А всерьез заботили его и даже страшили - «теперь же пишу и бо­юсь», — обвинения литературных академиков в дилетантизме. Это бы­ли комплексы «маленького писателя», входившего в «большую» лите­ратуру из «мелкой» прессы. Он стеснялся своей неосведомленности в области узаконенных ремесленных, формально-технических приемов письма. Он боялся быть уличенным в незнании их. Он боялся «срама на всю губернию», боялся своей малообразованности: «Боюсь, как бы не подкузьмила меня моя неопытность. Вернее, боюсь написать глупость», — это его исповедь, относящаяся ко времени работы над «Скучной ис­торией»!

Скрывая свою необразованность, он намеренно путал концы. Та­кой концепции придерживается современный исследователь русской классической литературы Дмитрий Галковский1'.

Взять хотя бы чеховские «Сказки Мельпомены».

Этот ранний сборник рассказиков о людях театрального мирка к музе трагедии — Мельпомене, чье имя Чехов вынес на обложку, — не имел никакого отношения. Их скорее вдохновила Талия, муза комедии. «Сказки Мельпомены» вернее было бы назвать «Сказками Талии». В них преобладал комический, юмористический элемент. Но и на чистый юмор они не тянули. Чехов взрывал комизм каким-нибудь парадоксом, снимавшим все претензии к нему как к чистому юмористу.

В «Сказках Мельпомены» Чехов — «трагик поневоле».

В «Чайке» и «Вишневом саде» он — поневоле комик.

Он боялся опошленных, дискредитировавших себя жанров чистой трагедии, как и чистой, развлекательной комедии. Для него, как и для будильниковского Курепина, одного из его литературных отцов, чистый жанр «нечист»: это псевдокомедия и псевдотрагедия.

Он равно избегал и утрированной комедийности, и сгущенной тра­гедии даже там, где чувствовал и драматизм, и трагизм.

Он непременно взрывал драматический сюжет или ситуацию — иронией, ерничаньем, пародией.

Он сам писал блестящие пародии на «стряпчих трагиков», на Тар-новского, к примеру, автора «ужасио-страшио-возмутительио-отчаян-ной трррагедии» — через три «р» — «Чистые и прокаженные», передел­ки с немецкого.

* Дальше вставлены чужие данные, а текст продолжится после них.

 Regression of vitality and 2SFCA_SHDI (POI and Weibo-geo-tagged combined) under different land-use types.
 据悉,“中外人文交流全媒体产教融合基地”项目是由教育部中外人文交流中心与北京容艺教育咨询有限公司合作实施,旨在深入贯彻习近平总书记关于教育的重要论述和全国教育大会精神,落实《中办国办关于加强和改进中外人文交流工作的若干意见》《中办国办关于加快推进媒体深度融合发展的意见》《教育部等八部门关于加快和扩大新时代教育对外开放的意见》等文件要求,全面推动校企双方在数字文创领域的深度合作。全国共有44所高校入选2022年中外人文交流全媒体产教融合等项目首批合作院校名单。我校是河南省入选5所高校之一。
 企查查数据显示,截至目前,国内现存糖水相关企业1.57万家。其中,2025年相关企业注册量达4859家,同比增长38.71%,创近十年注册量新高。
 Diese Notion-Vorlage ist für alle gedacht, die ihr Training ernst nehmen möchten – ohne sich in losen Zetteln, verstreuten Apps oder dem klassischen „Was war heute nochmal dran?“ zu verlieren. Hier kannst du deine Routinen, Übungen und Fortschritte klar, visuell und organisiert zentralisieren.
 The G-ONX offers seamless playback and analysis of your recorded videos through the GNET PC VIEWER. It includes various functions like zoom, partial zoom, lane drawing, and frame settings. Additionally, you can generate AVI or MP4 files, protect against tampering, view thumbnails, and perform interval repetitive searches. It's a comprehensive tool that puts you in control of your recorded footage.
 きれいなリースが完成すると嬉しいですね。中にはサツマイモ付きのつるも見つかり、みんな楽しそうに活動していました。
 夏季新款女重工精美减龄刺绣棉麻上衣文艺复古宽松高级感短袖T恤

В своей рецензии «Нечистые трагики и прокаженные драматурги» на спектакль в театре Леитовского по этой пьесе он изоб­разил Тарновского сидящим за письменным столом, покрытым кровью, трущим лобную кость и приговаривющим: «Шевелитесь, великие моз­ги». Тарновский, зараженный вирусом т-р-р-рагического, и был для не­го «прокаженным» драматургом.

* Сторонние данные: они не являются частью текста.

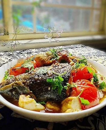 豆腐焖三文鱼头是一道美食,主要制作材料有番茄、三文鱼头等。
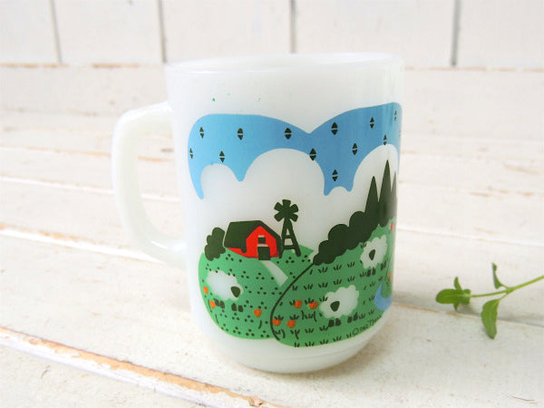 【Fire King】ファイヤーキング・メドウズ・羊&牧場柄・ヴィンテージ・マグカップ・食器 USA
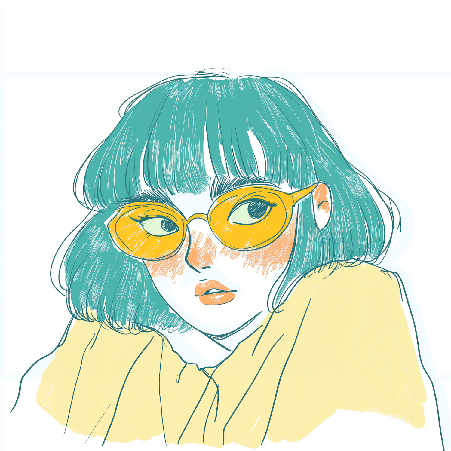 Stylized illustration of a person with teal hair and yellow sunglasses, featuring a sketch-like texture and pastel colors.
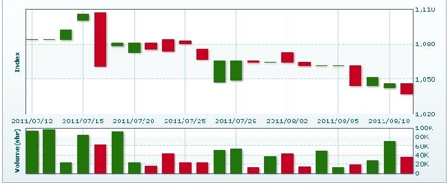 8月12日のラオス総合指数は前日比変わらずの1037.63で取引を終えた。売買高は前日比32.5%減の2万4202株、売買代金は同31.2%増の1億3326万キープだった。
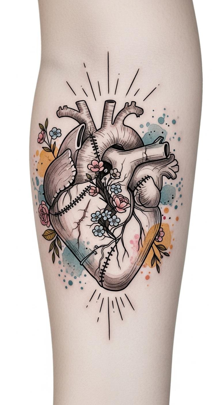 Let this inked art narrate your past while inspiring freedom and hope for the future. The stitched seam and blooming flowers symbolize repair and new life rising from wounds, the watercolor washes evoke the ebb and flow of feeling, while the scar textures and light rays express endurance and emerging hope; ideal placement on the inner forearm allows personal visibility for reflection and discreet concealment when needed.
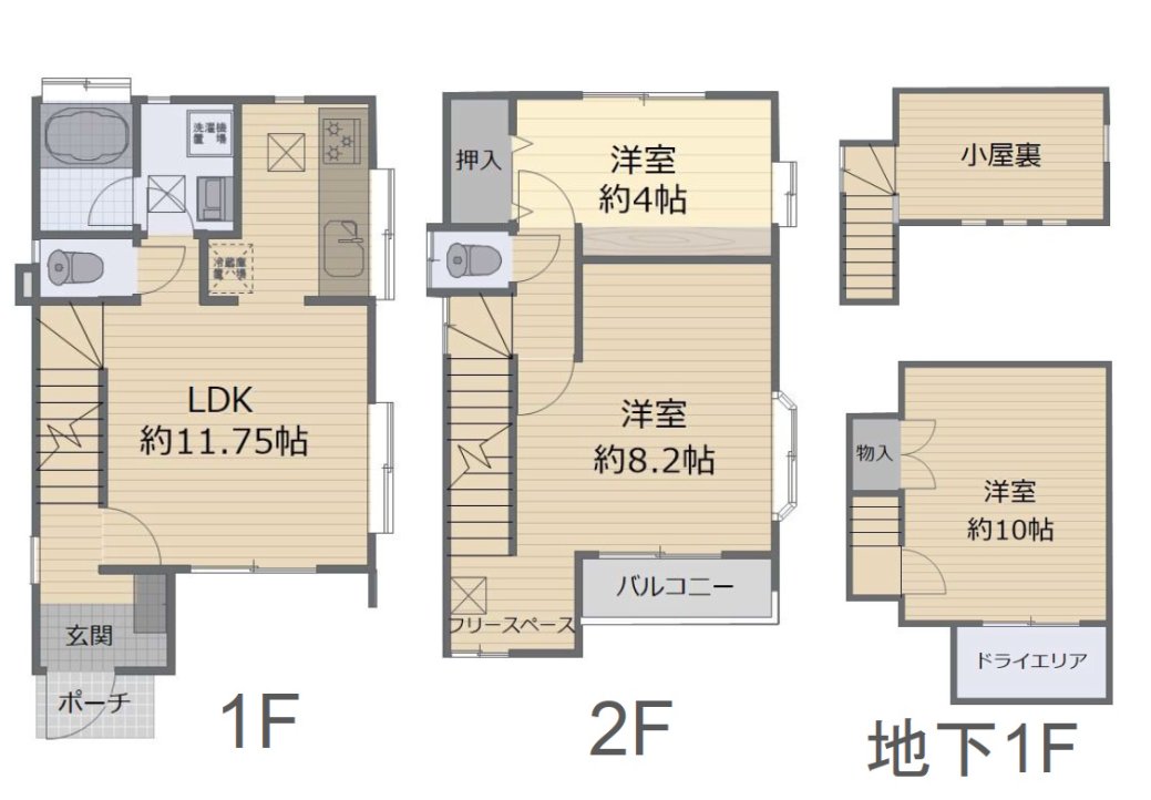 | 土地面積 | 63.77㎡ | 建物面積 | 82.90㎡ |
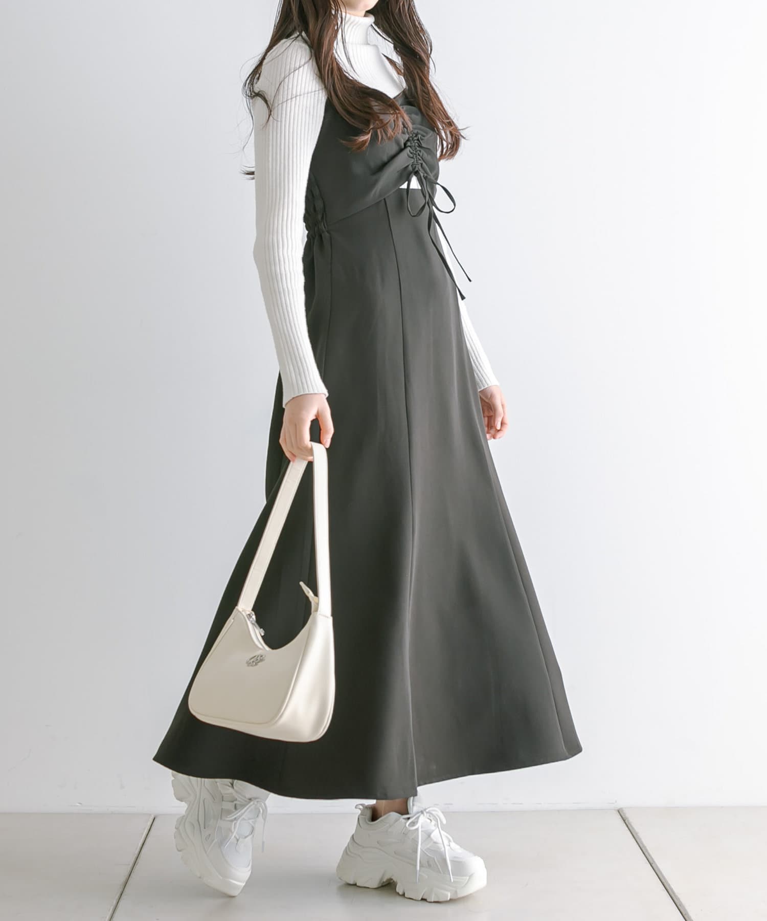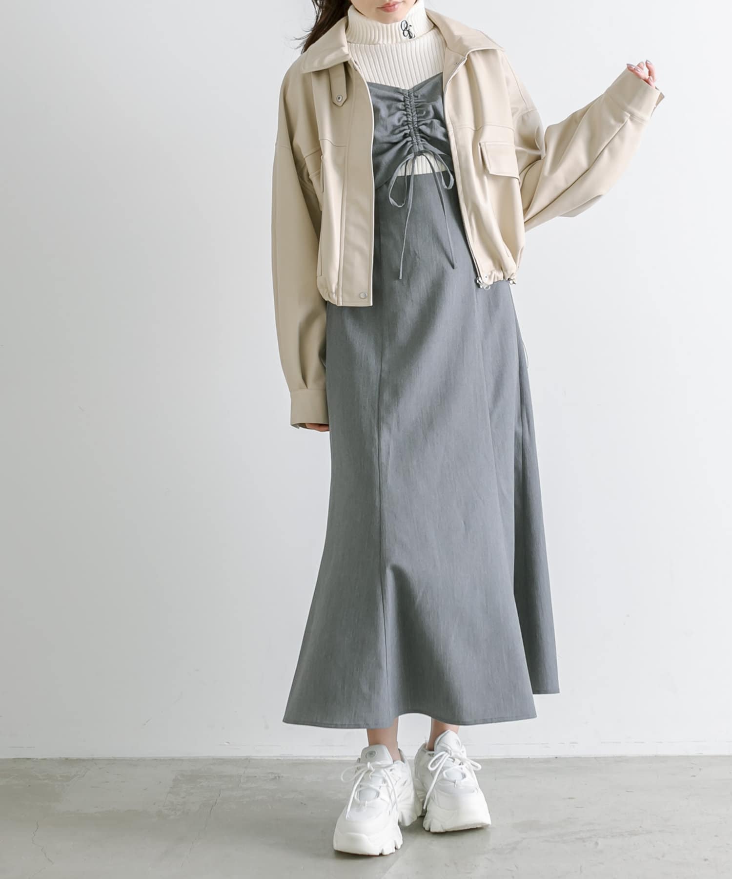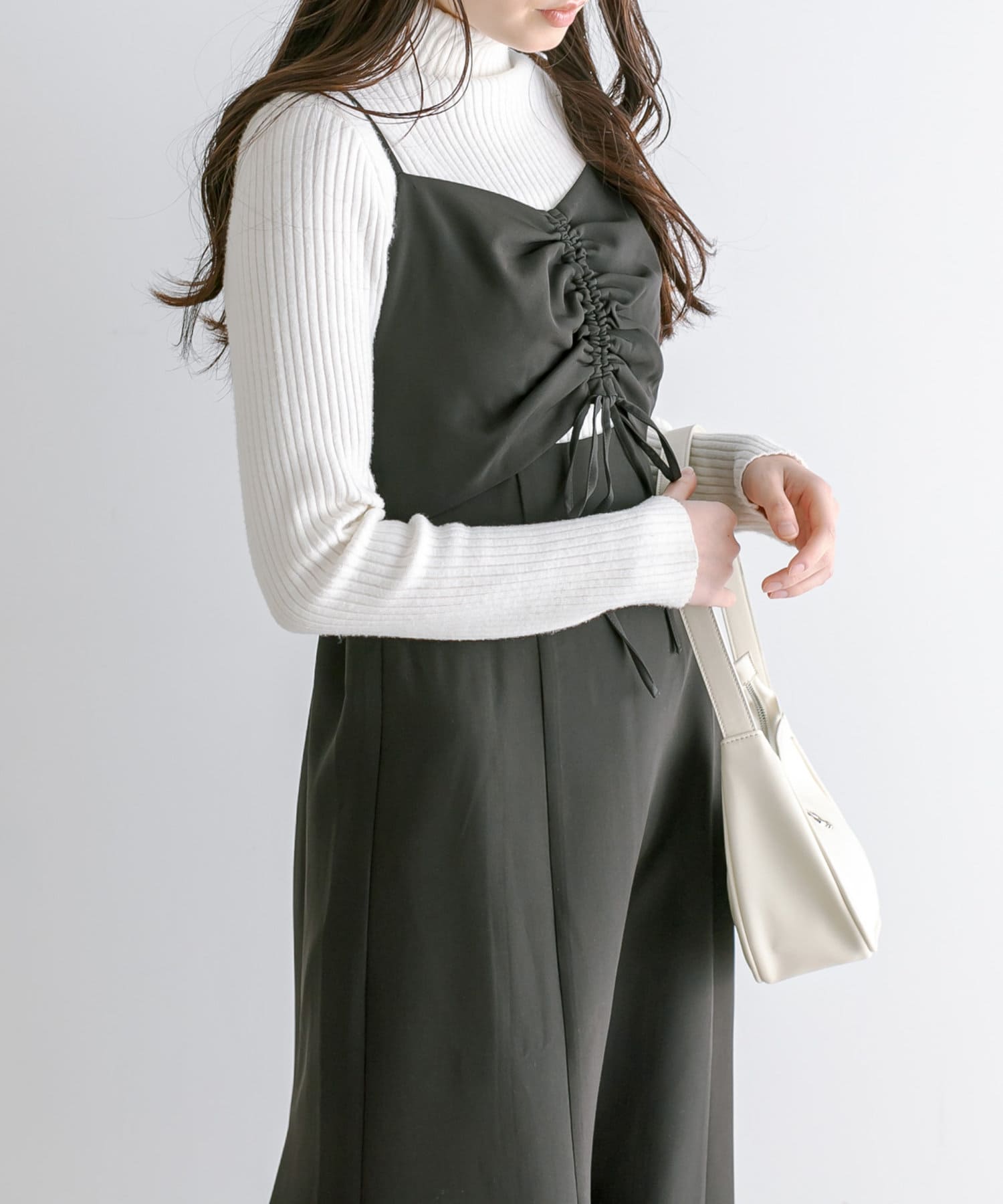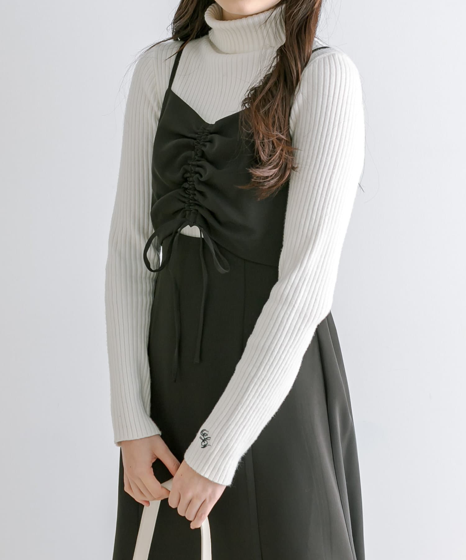 ・リボンでくしゅっと感を調節でき、インナーをチラ見せしたい方はたくさん絞っていただけます。

Эта боязнь в комедии псевдокомедии и в трагедии псевдотрагедии, особенно в театре, преследовала его до конца дней. Больше всего он бо­ялся, чтобы «Чайку» и «Вишневый сад» играли как т-р-р-рагедию, с тремя раскатисто-роковыми «р», выдавливая слезы у зрителя. А все в этих пьесах несчастны: «Чайка» завершается смертельным выстрелом, «Вишневый сад» — погребением заживо. Он не хотел ни в «Чайке», ни в «Вишневом саде» ни слез, ни, тем более, скорби. Они были не в его правилах, моральных, а потому и эстетических.

И он собственноручно обозначал их жанр — комедией.

Комедия — Талия в «Чайке» и в «Вишневом саде» — прикрывала Мельпомену так же, как Мельпомена, не соответствовавшая сказочкам из житейского мира актеров, прикрывала Талию, которая не должна бы­ла выпячиваться, выходить на передний план.

Но «Вишневый сад» — такая же комедия, как «Сказки Мельпоме­ны» — трагедия.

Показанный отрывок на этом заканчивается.